**PROBLEM DETAILS**
Down to the last line, set down the material below exactly; skip the pictures.

**DATA EXTRACT**

--- START ---

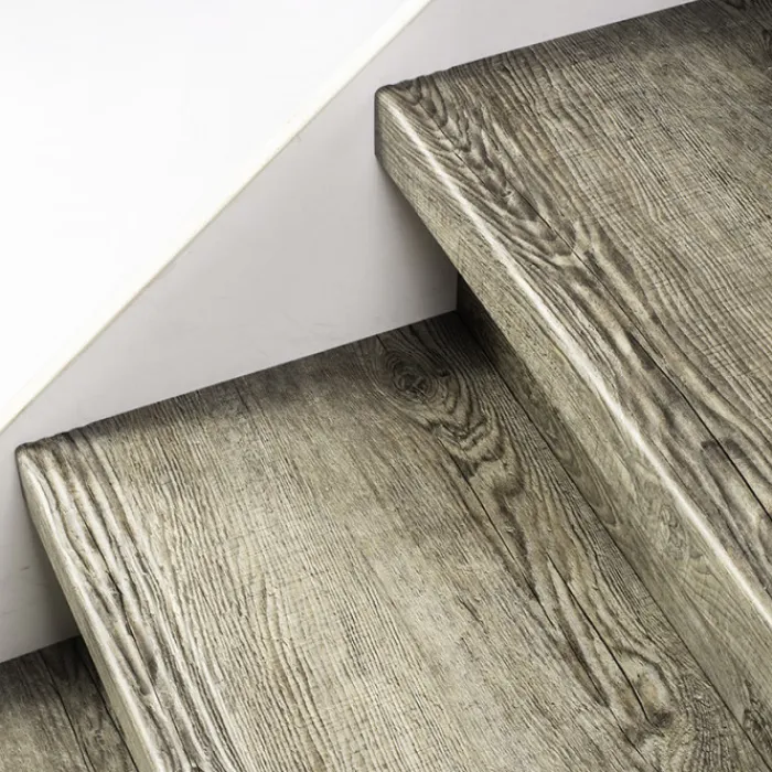 Dit is een complete Stepwoord traprenovatieset met SPC toplaag traptreden en stootborden in de kleur verweerd eiken, inclusief montagekit en afwerkingskit. Deze complete set is geschikt voor een trap met 1 kwart draai met 13 treden. De set wordt geleverd inclusief stootborden, omdat het een set voor een dichte trap betreft.
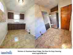 Just beyond the dining area is the updated kitchen, featuring rich espresso cabinetry, modern finishes, and a stainless steel refrigerator. The kitchen is designed with functionality in mind, providing ample storage and workspace to make cooking and cleanup easy and efficient.
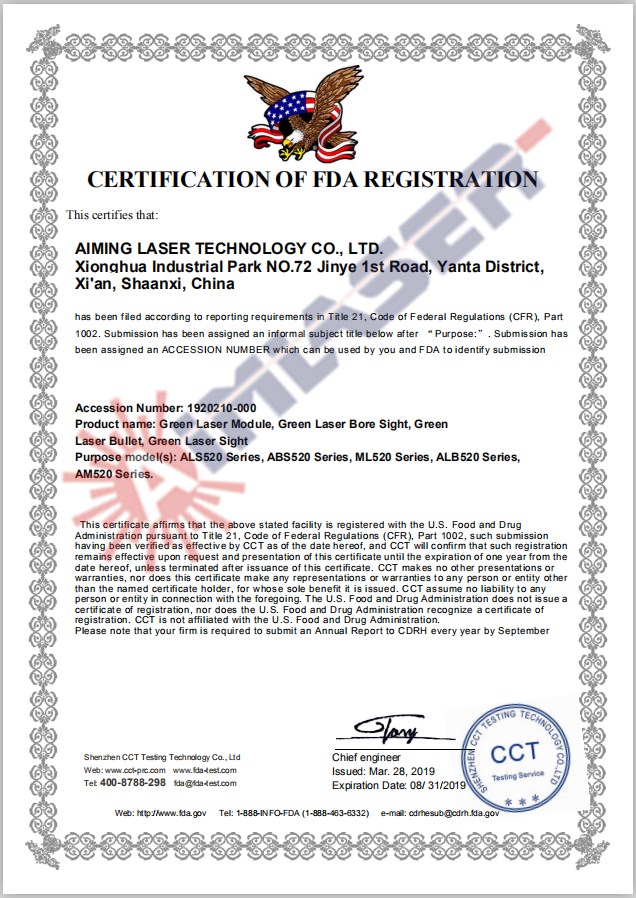 精耀光電(AimLaser)生產(chǎn)的綠光激光器通過了美國FDA認證。
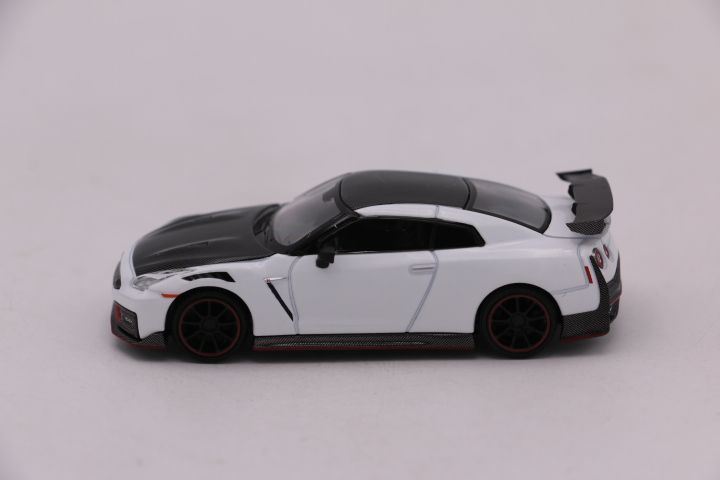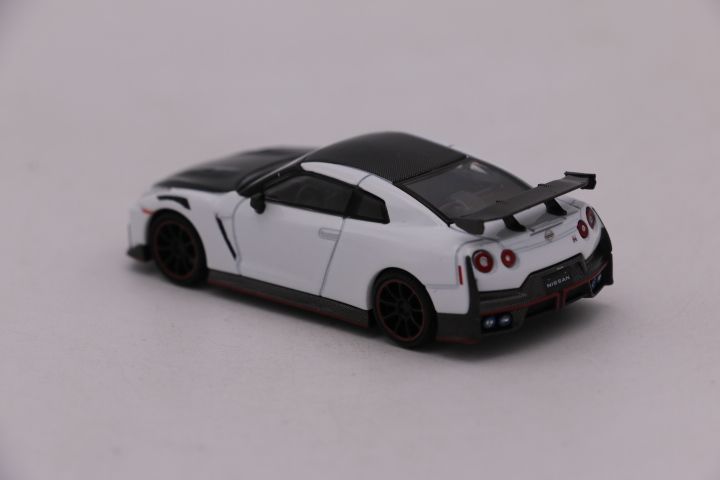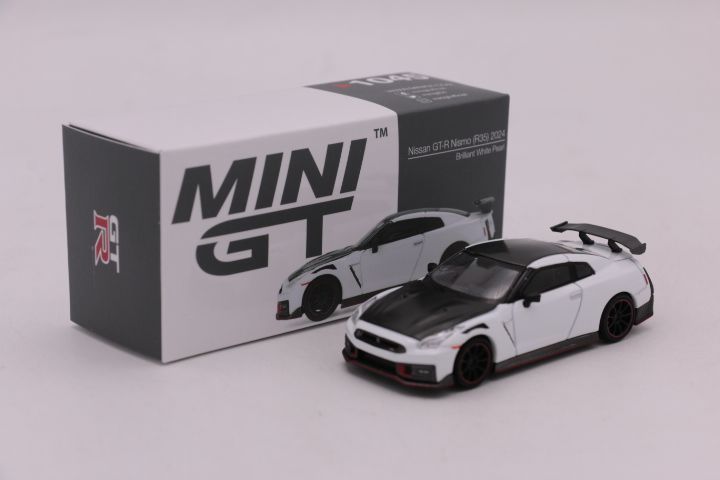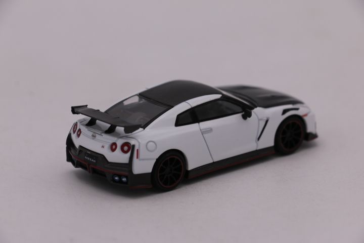 De 1:64 Diecast Modelauto van de Nissan GT-R R35 Nismo uit 2024 in Brilliant White Pearl.De fabrikant van het schaalmodel is Mini GT.

--- END ---

**ANSWER AREA**
 Dit is een complete Stepwoord traprenovatieset met SPC toplaag traptreden en stootborden in de kleur verweerd eiken, inclusief montagekit en afwerkingskit. Deze complete set is geschikt voor een trap met 1 kwart draai met 13 treden. De set wordt geleverd inclusief stootborden, omdat het een set voor een dichte trap betreft.
 Just beyond the dining area is the updated kitchen, featuring rich espresso cabinetry, modern finishes, and a stainless steel refrigerator. The kitchen is designed with functionality in mind, providing ample storage and workspace to make cooking and cleanup easy and efficient.
 精耀光電(AimLaser)生產(chǎn)的綠光激光器通過了美國FDA認證。
 De 1:64 Diecast Modelauto van de Nissan GT-R R35 Nismo uit 2024 in Brilliant White Pearl.De fabrikant van het schaalmodel is Mini GT.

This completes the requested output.